While reading Peggy Noonan’s “Neither a Hedgehog Nor a Fox” in the weekend edition of The Wall Street Journal, I was taken by the quote attributed to then President Ronald Reagan, "Man has never developed a weapon he didn't eventually use".
But I couldn’t help but see it in a different light as it relates to software information systems under the label of CRM (Customer Relationship Management). Here’s a competitive weapon that companies have deployed en masse, yet from what I can see, few are really effective and miss the mark when it comes to utilization and efficiency.
Whereas a large multinational company that has thousands of salespeople and solid marketing support may be able to use CRM to near perfection, the average company seems to be stuck in contact management mode; CRM ends up looking like an electronic rolodex that is often out of touch with current events.
Whether I am doing a sales training, or visiting clients and companies that have deployed these systems, I often find that most people struggle to make CRM a useful tool within their organization. Salespeople are frustrated with the complexity to do the simplest of actions and record events, Marketing isn’t quite sure how to employ tracking on a contact by contact basis, and integrated sales and marketing campaigns are nowhere to be found.

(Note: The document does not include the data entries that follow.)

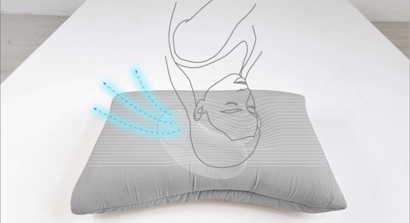 1日のうち10〜30回は寝返りをしているといわれています。KUKI PILLOWは、支柱構造に囲まれAirドームを形成しているので、寝返りの度にポンプ動作が作用し枕内部の空気を循環・換気させます。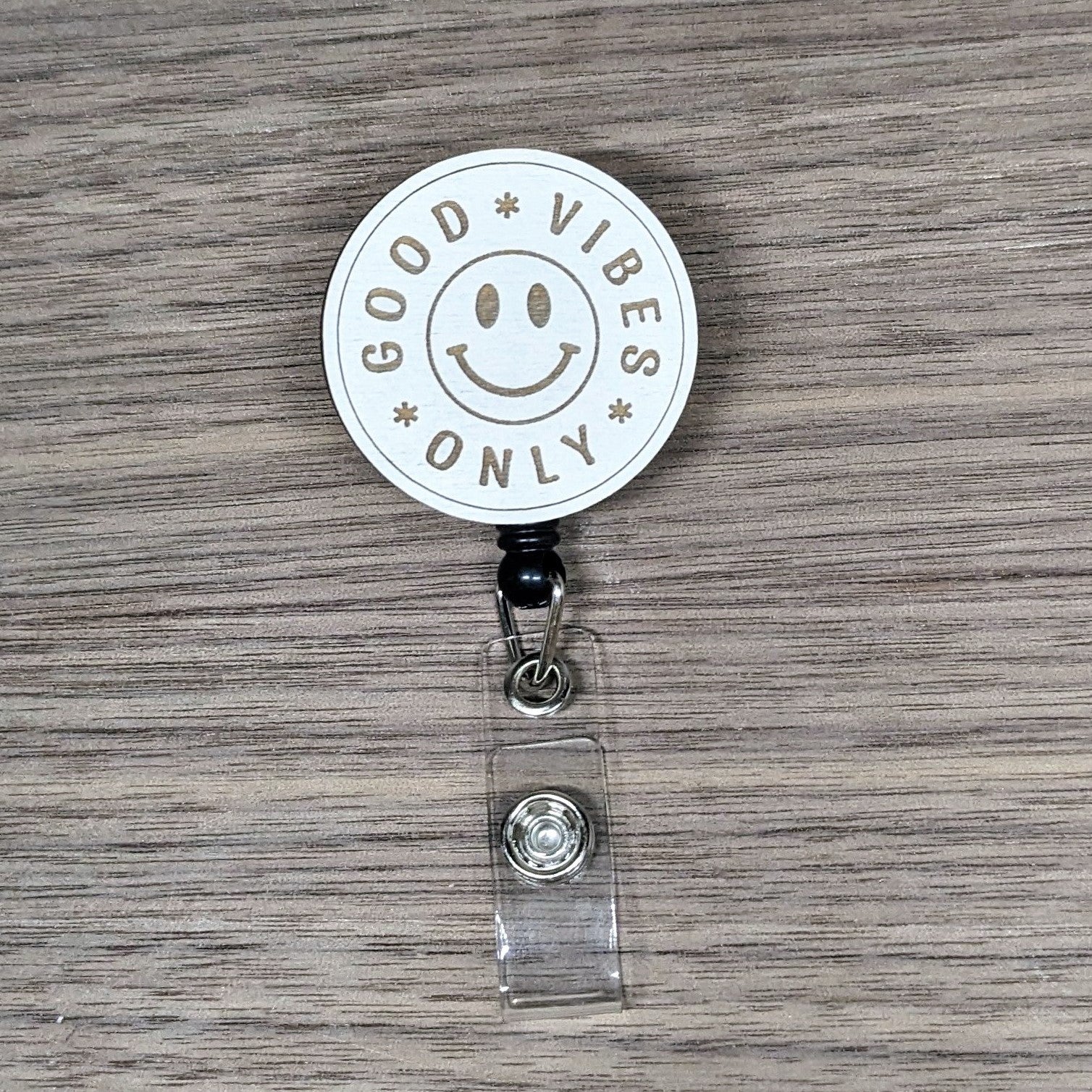 Our badge reels are made with a 1.5" engraved wood round securely attached to a badge holder, which features a sturdy alligator clip and approximately 24" retractable cord. All wood pieces are sealed to remain durable and easy to clean.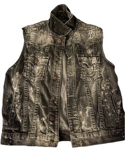 True Religion Vintage Men's Jimmy Western Denim Vest Jacket Black Concrete$60Lynn, MA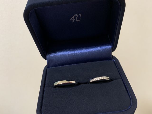 指輪のデザインにこだわりはなかったのですが、たくさん試着した結果シンプルなこちらが気に入りました。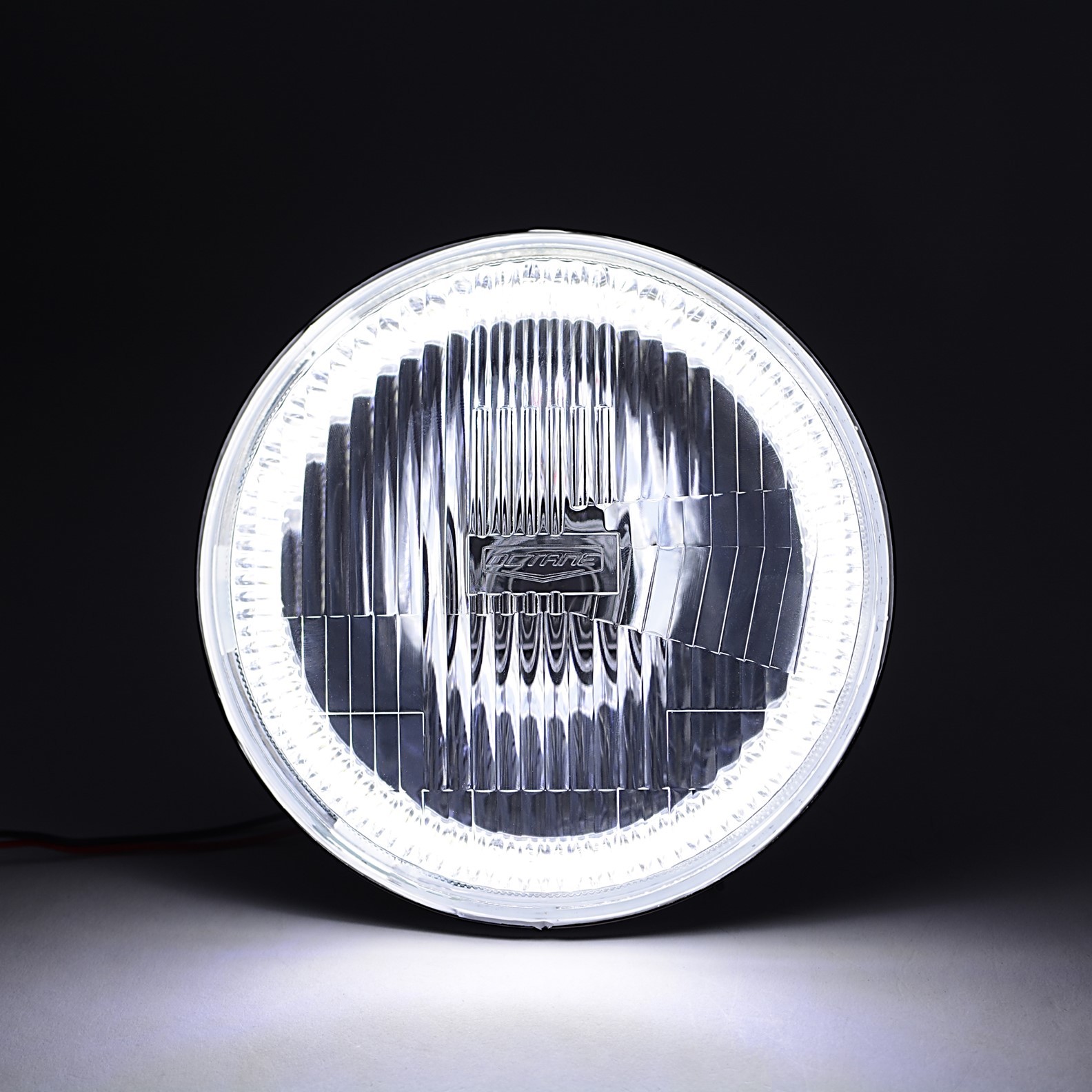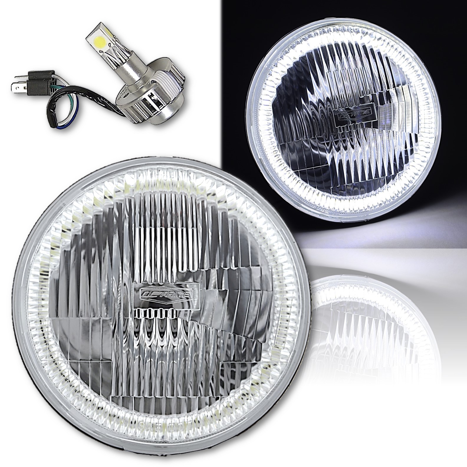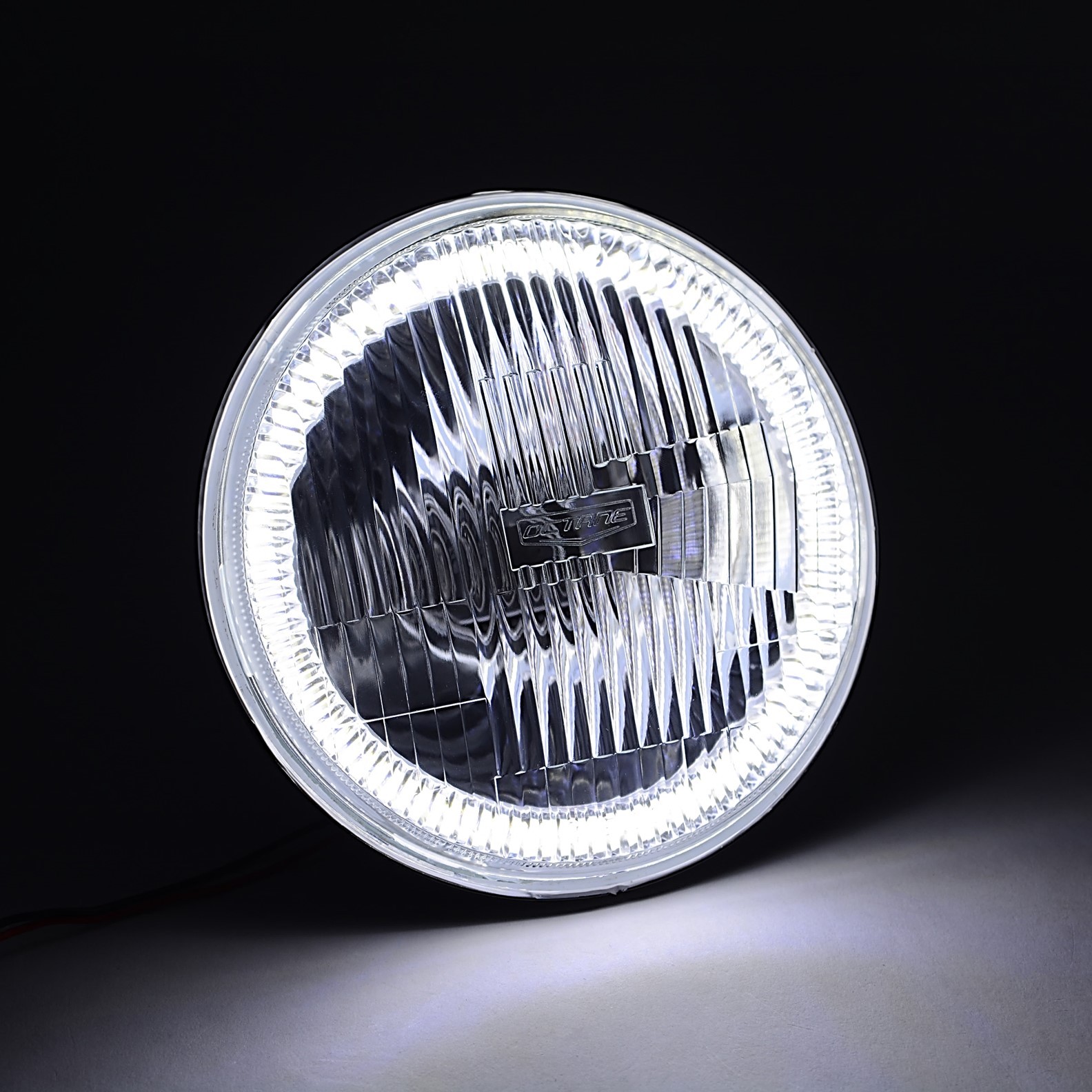 (1) 7" STOCK STYLE GLASS LENS W/ WHITE COB LED HALO H4 CONVERSION HEADLIGHT

The other elusive gain is sales opportunity management and a solid forecasting model. It’s normally a built-in functionality of the system, but seems rarely used to any extent across the sales team. More importantly is the fact that the only sales opportunities in the CRM appear to be the ones that are more than 80% probability, i.e., a sure sale. Where is the ‘cradle to grave’ tracking of each sales opportunity? How can you judge the pipeline of business, or a true ‘close ratio’ of all sales opportunities?
What’s been your experience? Does your team use your CRM to its full extent, i.e., to its complete design capability? Did you start out with the best of intension and slowly erode to a stalemate?